Americans are a generous people. Across this country you see individuals and communities helping others in little and big ways. You read stories about acts of kindness and people feeling empathy for one another. This unites us, as it unites communities around the world.
Look at the outpouring of support from Americans at times of tragedy near and far. In the wake of Katrina and horror of 9/11, or devastation following Haiti’s 2010 earthquake or Indonesia’s 2004 tsunami. We reached into our wallets, jumped on a bus, organized relief, and cared for the displaced.
“This is just the type of thing to do – you do this for people,” says Nancy Flickinger, a member of a local church group. “They need all the help they can get.”

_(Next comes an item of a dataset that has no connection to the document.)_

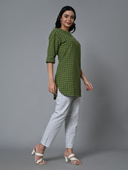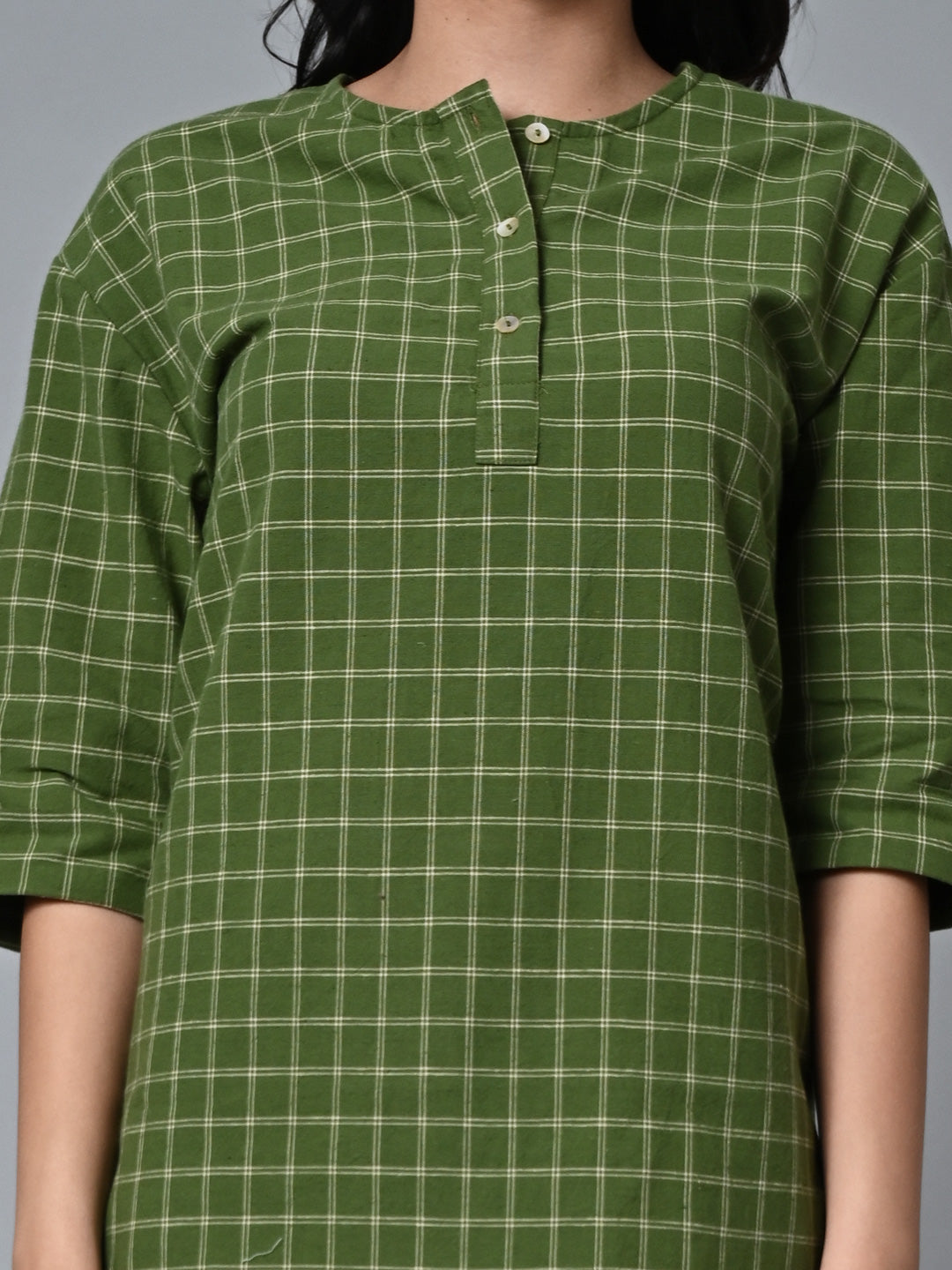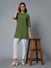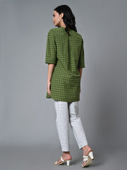Women's Green Cotton Linen Regular Fit Kurta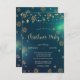 Um convite elegante para festas de férias, com flocos de neve dourados brilhando, e luzes de cordas em um fundo verde. Estes belos convites de Natal são perfeitos para convites de festas de janto de Natal, convites para troca de presentes de Natal, angariadores de fundos de Natal, convites para bolas de férias e outros eventos realizados durante o mês de dezembro. Use apenas os campos modelo para adicionar suas próprias informações de evento.

What is interesting is who she was talking about… a 56-year old Kurdish widow and her sons who have spent the past 2 years in a Turkish refugee camp. They are refugees from Iraq fleeing violence, hoping for the opportunity to build a new life in our town after their world had been torn apart.

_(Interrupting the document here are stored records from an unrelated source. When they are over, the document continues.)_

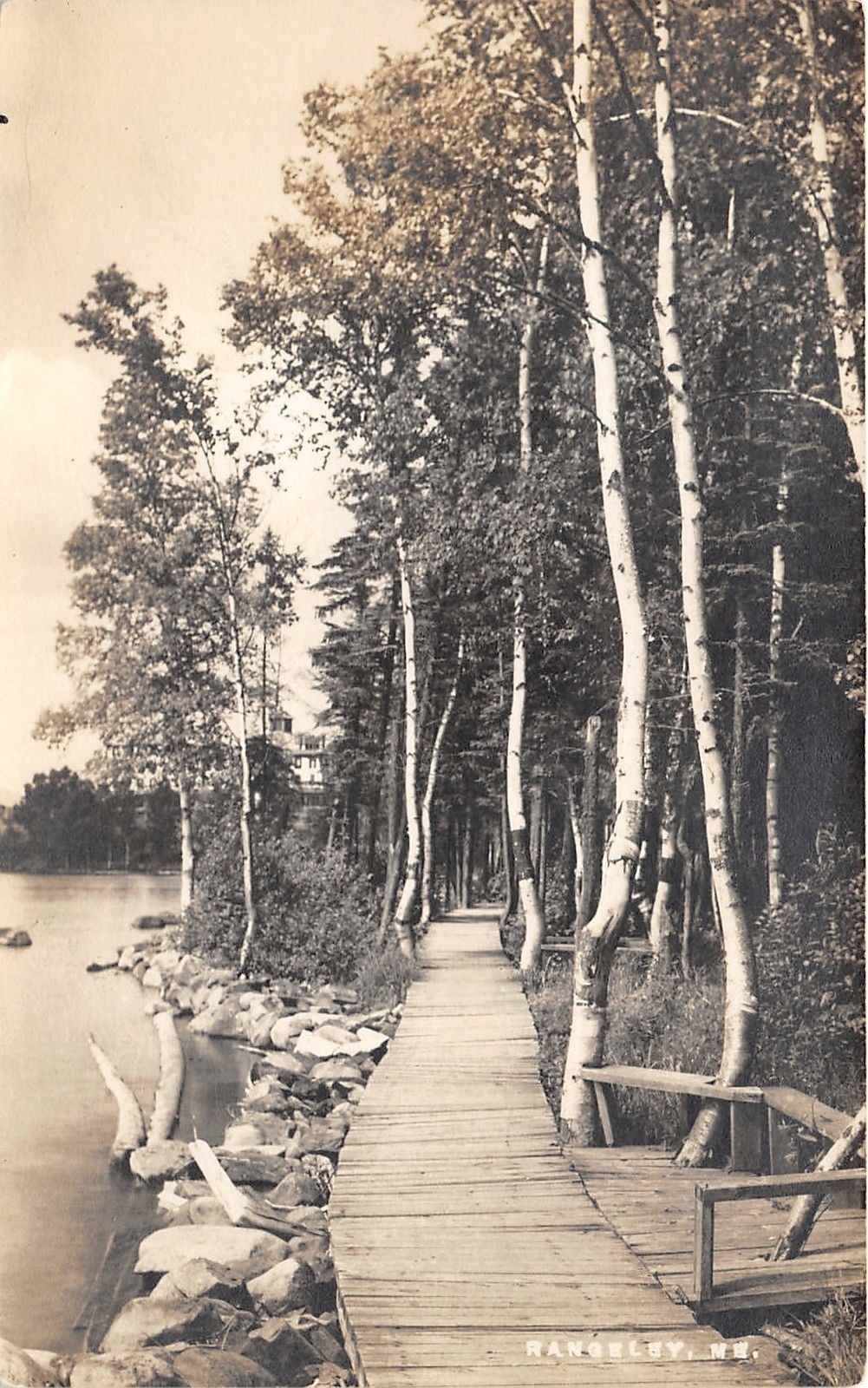Rangeley Maine~Boardwalk by Lake~Bench Built Around Birch Trees~c1910 RPPC
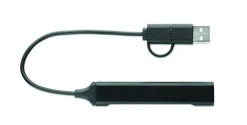 4 portos USB hub újrahasznosított alumíniumból. 3 USB-A + 1 C-típusú. Bemenet: 2 az 1-ben C-típusú és USB-A. Kábel hossza: 19 cm.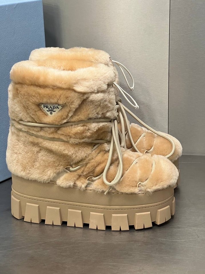 Bej renkte, yumuşak kürk detaylı ve konforlu kürk astarlı platform topuklu botlar. Sokak modasına uygun, günlük kullanım için idealdir. Prada ️İthal ürün & imported 36-37-38-39-40-41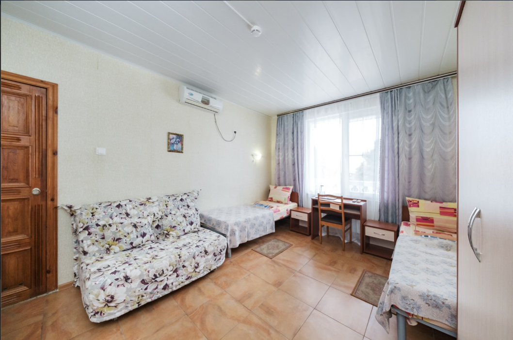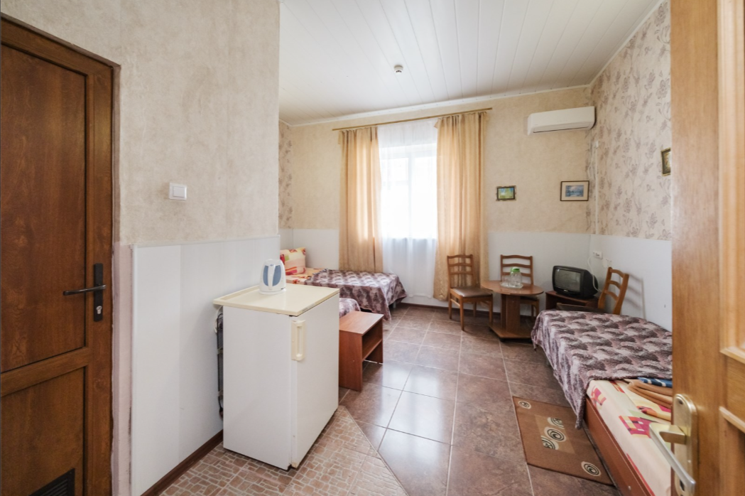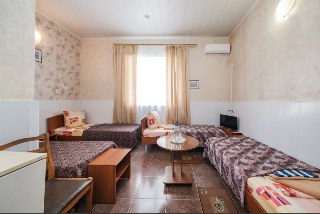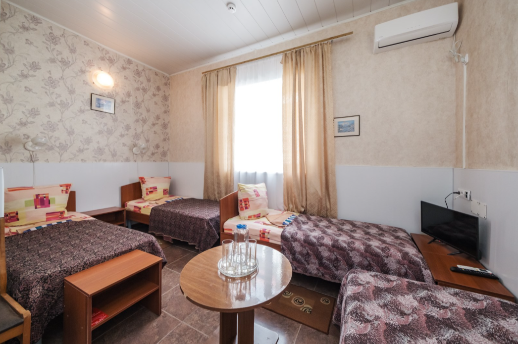 Уютный 4х местный номер со всем необходимым для комфортного проживания. Номер данной категории находится на 2 этаже, на теневой стороне. В данной категории номеров проживание с животными ЗАПРЕЩЕНО.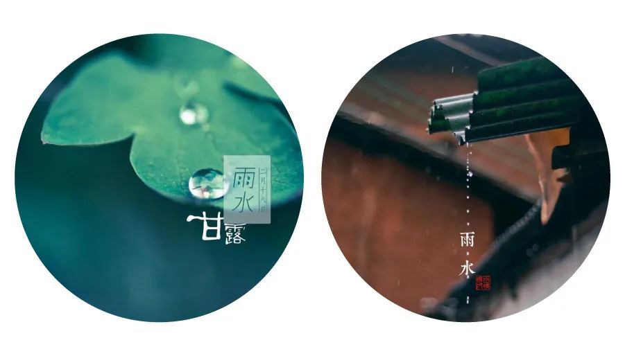 雨水的元素相对而言会好提炼很多,水滴、雨滴是很容易联想到的元素,并且有大寒的基础,我们也很容易将笔画的处理方式与飞檐翘角相结合。

For a few weeks it looked like this family of three might not make it to the U.S., despite a lengthy vetting process. But when the travel ban was blocked, they were cleared for resettlement and arrived last night to a welcome of 180 Americans who have all made a 5-year commitment to help with transportation, learning English, and acclimating to life in this country.
Americans are indeed a compassionate people, and that empathy makes us great.
Seven years ago someone who loaned us money to start Prosperity Candle pressed us to figure how we could have a local impact in addition to supporting widows in Baghdad. So we reached out to women refugees recently relocated nearby, and ever since are glad he nudged us in this direction.
Working side by side with refugees who fled persecution, lost their homes and livelihoods, endured endless hardships in refugee camps, and arrived here with little more than hope for a better life has been educational and inspiring, and has enriched our lives and community.
The story we tell is that we helped these foreign-born women, but in truth they have given much more in return. Every day in our candle studio we are grateful for their skill and attention to detail, their diligence and hard work, the constant improvements they make.
Mostly, though, we are we are grateful for their friendship. Compassion and caring go both ways.